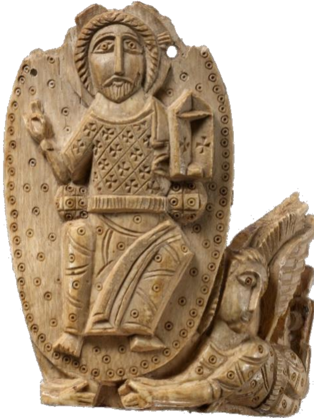
Tusk fragment with Christ Enthroned, c. 810-101 The Met Fifth Avenue, New York City

Saint Thomas's Anglican Church 383 Huron Street, Toronto, Ontario M5S 2G5 416-979-2323 www.stthomas.on.ca office@stthomas.on.ca
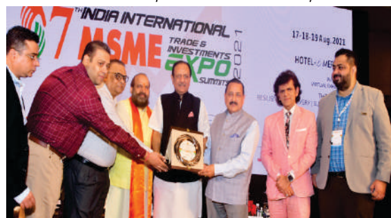
Dr. Jitender Singh Union Minister (MOS) Prime Ministers Office (PMO)
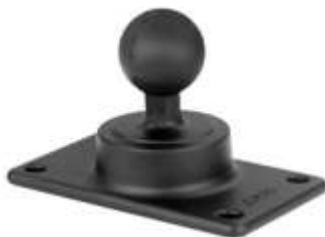
RAM-243 2 13/16" X 5" PLATE WITH BALL
**********
Every line from the one containing "Saint Thomas's Anglican" through the end of the listing is to be copied exactly; the pictures are not.

WRITTEN RESPONSE >>
Saint Thomas's Anglican Church 383 Huron Street, Toronto, Ontario M5S 2G5 416-979-2323 www.stthomas.on.ca office@stthomas.on.ca
Dr. Jitender Singh Union Minister (MOS) Prime Ministers Office (PMO)
RAM-243 2 13/16" X 5" PLATE WITH BALL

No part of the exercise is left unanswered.